This is undeniably a very useful tool for giving a 30 minute talk on economics for a short and sweet answer; but it’s all wrong.
The claim that the Marshallian Cross is wrong does not invalidate the value in the basic demonstration it provides; nor the utility gotten out of a short answer to a question of market activity, but it is very much like taking a photo of a couple at point A, then a few minutes later at point B. We are skipping the market process and assuming perfect states of equilibrium. In fact, further analysis of the cross allows us to realise, that we violate the possibility of disequilibrium, and in so doing, the entrepreneur.
Let us examine this in more detail in the next few diagrams:
In our diagram we suppose, firstly, that the price is above equilibrium, where there is excess supply (Ex S) over the quantity demanded (QD). What does this do to the price? – It forces it down.

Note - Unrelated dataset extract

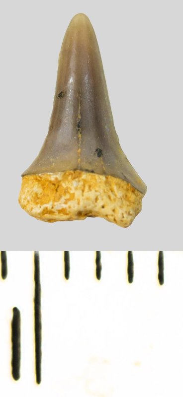 Зуб (фрагмент). Акула. Eostriatolamia subulata (Agassiz, 1843). Классификация: Хордовые Chordata, Позвоночные Vertebrata, Хрящевые рыбы Chondrichthyes, Пластиножаберные Elasmobranchii, Акулы Selachii, Ламнообразные Lamniformes, Песчаные акулы Odontaspididae

In our second point, we suppose that there is an excess demand (Ex D) over the quantity supplied (QS) this has the same effect but in reverse by forcing the price up.

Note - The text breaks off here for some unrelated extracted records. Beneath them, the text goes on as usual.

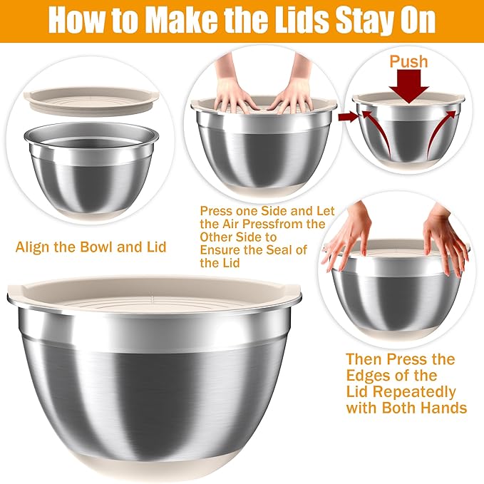 - 【Sealed Lid & Non-Slip Silicone Bottom】: The food storage container set has BPA-free plastic lid to store ingredients, locking in freshness without worrying about spills or leaks. The stainless mixing bowl set has a non-slip silicone base, preventing the nesting mixing bowls with lids from sliding on the countertop while mixing, and the scald-proof insulation protects the table from high temperatures.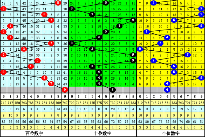 百位走势:近10期在0-7之间出号,跨度为8点,出号相比溜达,上期奖号为7,飞腾1点,本期看好该位飞腾。另外近10期该位大小比为4:6,大号较冷,本期介怀大号回补,温煦号码9。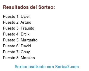 Lista de participantes: Frausto, Uziel, Chuy, David, Margarito, Morales, Ercik, Arturo.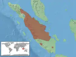 Es endémica de Sumatra y algunos islotes adyacentes en el estrecho de Malaca.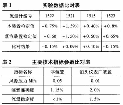 1)對同一臺蒸汽流量計在該裝置上的檢定結(jié)果與蒸汽流量檢定裝置上鑒定結(jié)果的比對如表1所示。該裝置準確度為1.25%。表1所列數(shù)據(jù)為誤差*大值。

Notice how under the curve, we assume two things:
- That we are consistently in equilibrium.
- That there is always a single price.
Under the Neo-Classical view, everything that is to be known is already known; man is omniscient. He has access to perfect knowledge and he need merely to analyse the data he already knows; there is no room for discovery of unknowns, nor room for the entrepreneur. The entrepreneur to our curve is an analytical pest.

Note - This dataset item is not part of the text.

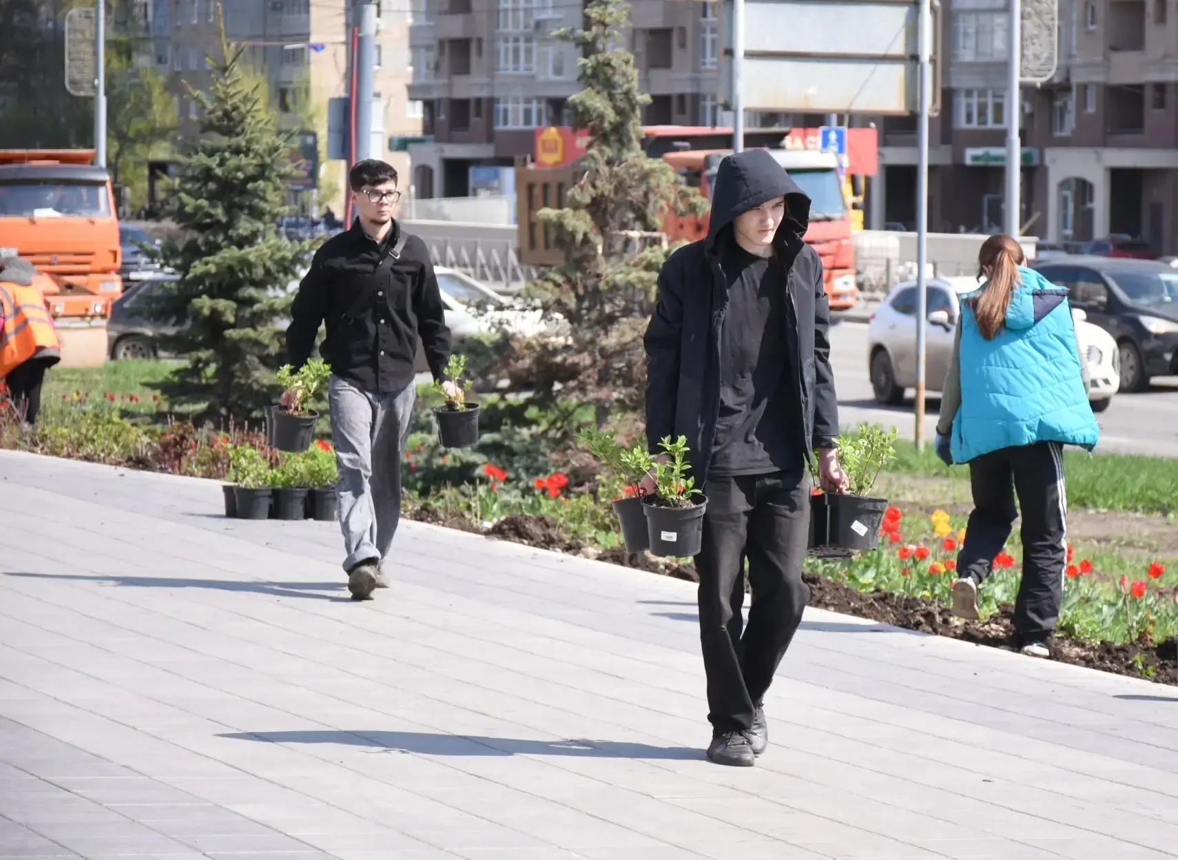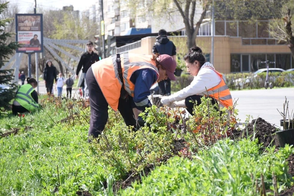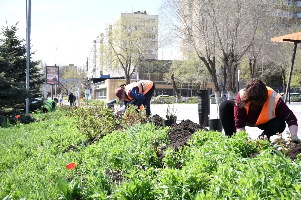В городе продолжается месячник благоустройства и озеленения. Специалисты МКУ «БиОз» и «Комсервис» трудятся не покладая рук: высаживают цветы и кустарники, поливают, рыхлят почву, формируют клумбы и следят за тем, чтобы каждый росток прижился и радовал горожан своей красотой.

I mentioned above the assumption of there always being a single price, below we can see a quite comical examination of what is meant by this:
Under the equilibrium model and the Marshallian Cross, we are hypothetically assuming that with each supply curve, there is an equal demand curve running parallel to it. In fact every demand curve assumes an equal supply curve running parallel to it also; thereby consistently assuming the hypothetical to reality, that being only a single price is constant, and there is no possibility of two or more prices existing for the same product.
It is a fundamental law of Economics that there is a single price for a product. However, this is a tendency. The reason to say it is a tendency is due to the fact that at any time, the market can be filled with ignorance; either optimal ignorance, whereby you know you lack information but the cost outweighs the benefit of acquiring said information, or further, the ignorance may be based in the absence of information (not knowing what you don’t know).
If there is no optimal ignorance, nor absence of information for a particular consumer good, input or resource, then the tendency for pricing signal’s to converge to a single price occurs.
To give an example, I am optimally ignorant of how to speak Korean. I would like to know how to speak and understand it, but I have analysed the cost in terms of resources and time are too great, and would be better spent on ventures I value more highly.
I would give an example of where I personally have an absence of information…but I don’t know what it is.
Further examination of this gap to which is ignored and incompatible with the equilibrium state of affairs is detailed below:
In the diagram shown above, under the Neo-Classical equilibrium context, we assume a quantity of QR. The question is what is the highest price that is low enough, to get consumers to buy this quantity? The answer is the top left noted as HP. Following this, what is the lowest price which is high enough to get suppliers to offer this quantity? The answer is the bottom left LP. This indicates; under an Austrian perspective rather than a Neo-Classical perspective, as shown in the greyed out section, that there is a gap.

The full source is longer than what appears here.